↓↓↓
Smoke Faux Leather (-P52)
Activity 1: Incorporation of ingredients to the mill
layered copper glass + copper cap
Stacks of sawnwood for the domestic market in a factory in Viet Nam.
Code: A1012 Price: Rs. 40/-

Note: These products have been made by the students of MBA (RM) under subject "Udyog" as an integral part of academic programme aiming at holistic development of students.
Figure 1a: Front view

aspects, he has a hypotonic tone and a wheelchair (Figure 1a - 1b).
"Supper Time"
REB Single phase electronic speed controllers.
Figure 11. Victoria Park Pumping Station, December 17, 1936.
↑↑↑
↓↓↓
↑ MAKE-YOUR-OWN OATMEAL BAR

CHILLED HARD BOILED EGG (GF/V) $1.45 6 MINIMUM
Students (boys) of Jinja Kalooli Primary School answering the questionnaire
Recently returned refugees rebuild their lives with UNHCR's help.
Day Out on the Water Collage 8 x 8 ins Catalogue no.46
↑↑↑
## TASK DESCRIPTION
Find the word "Figure" in the listing above. Copy each line where it appears.

## RESULT
Figure 1a: Front view
aspects, he has a hypotonic tone and a wheelchair (Figure 1a - 1b).
Figure 11. Victoria Park Pumping Station, December 17, 1936.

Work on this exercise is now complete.